◆ TASK GOAL ◆
For this exercise, copy exactly the lines below from the one with "Almohada de fibra" through the one with "Meet the treat" and leave out the pictures.

◆ SUPPLIED RECORDS ◆
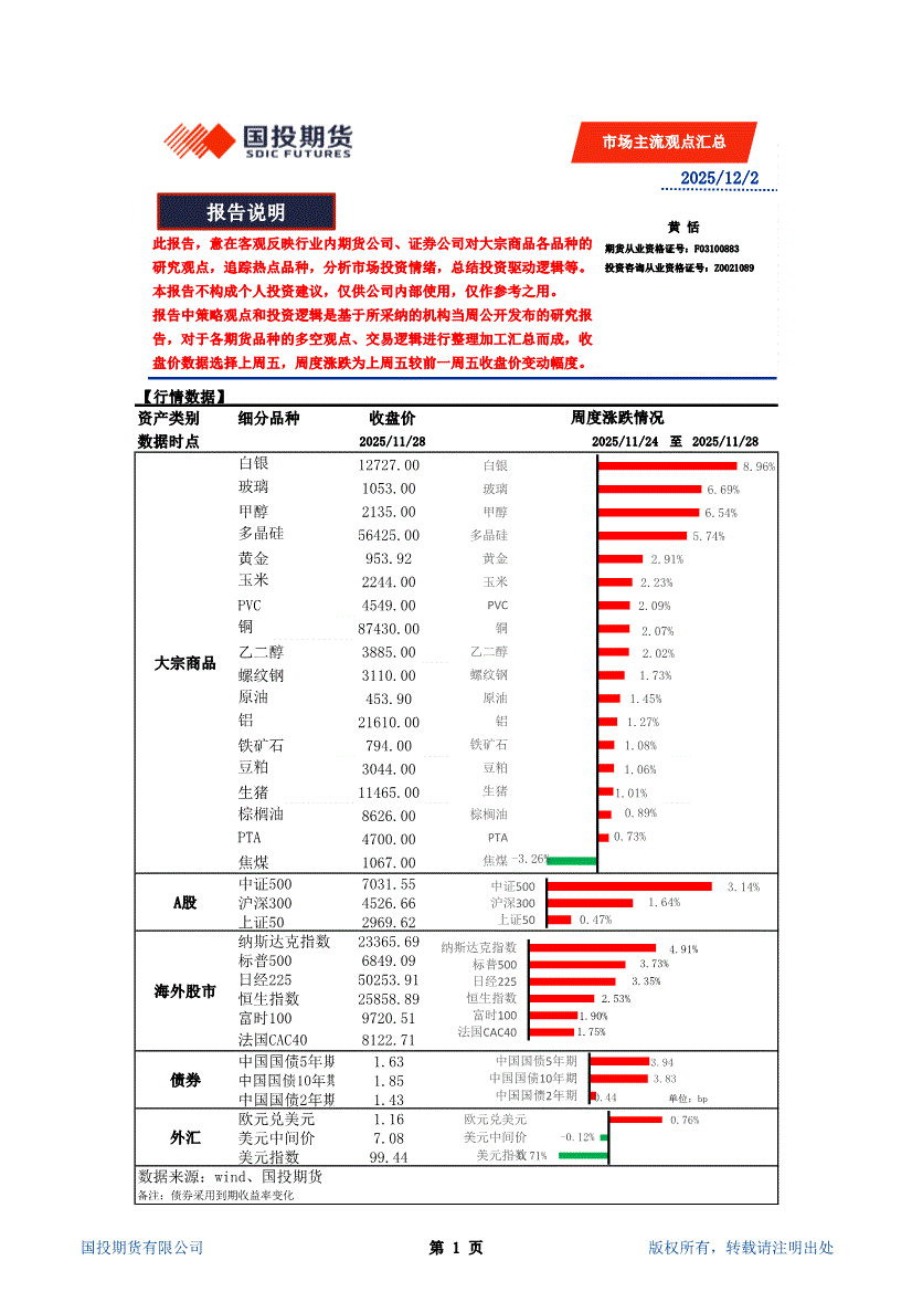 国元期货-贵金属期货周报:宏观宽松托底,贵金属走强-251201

* * *

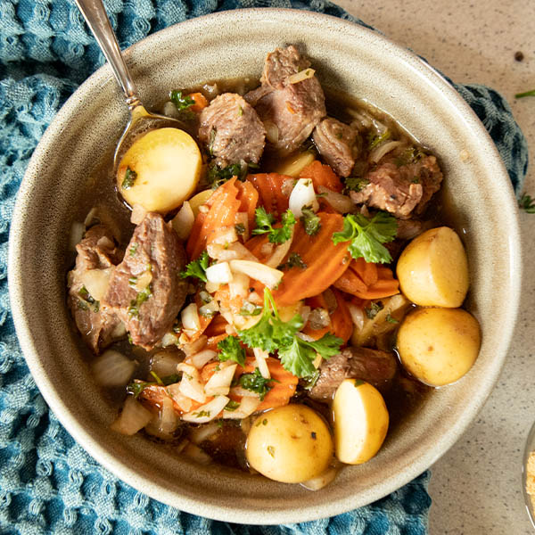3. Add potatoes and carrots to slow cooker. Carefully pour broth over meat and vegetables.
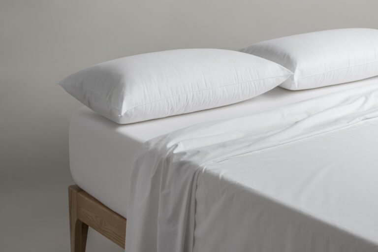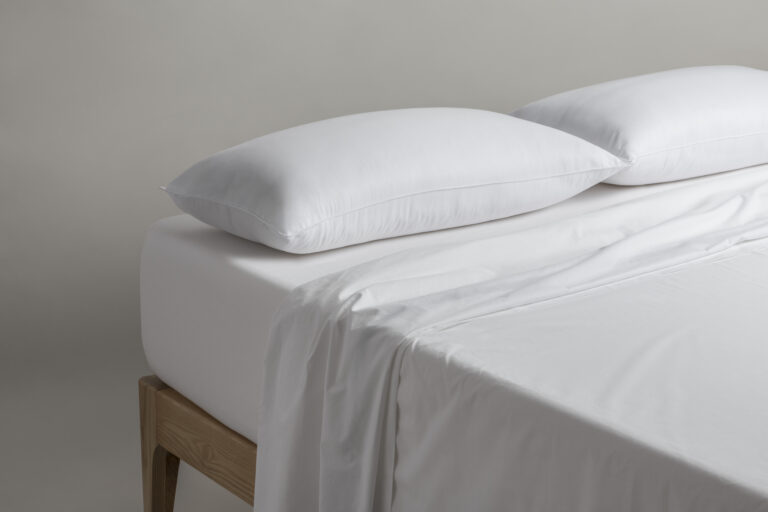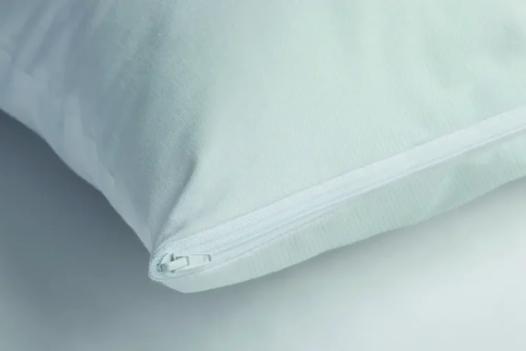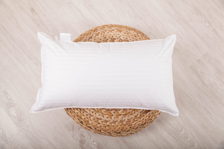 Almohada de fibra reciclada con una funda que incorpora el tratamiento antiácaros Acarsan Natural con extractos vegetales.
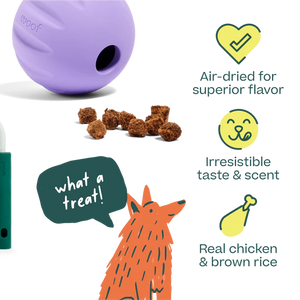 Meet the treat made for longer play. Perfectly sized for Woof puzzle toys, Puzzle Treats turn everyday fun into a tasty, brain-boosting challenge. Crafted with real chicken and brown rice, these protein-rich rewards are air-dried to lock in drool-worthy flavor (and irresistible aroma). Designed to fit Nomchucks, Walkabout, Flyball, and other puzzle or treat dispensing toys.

◆ RESULT ◆
 Almohada de fibra reciclada con una funda que incorpora el tratamiento antiácaros Acarsan Natural con extractos vegetales.
 Meet the treat made for longer play. Perfectly sized for Woof puzzle toys, Puzzle Treats turn everyday fun into a tasty, brain-boosting challenge. Crafted with real chicken and brown rice, these protein-rich rewards are air-dried to lock in drool-worthy flavor (and irresistible aroma). Designed to fit Nomchucks, Walkabout, Flyball, and other puzzle or treat dispensing toys.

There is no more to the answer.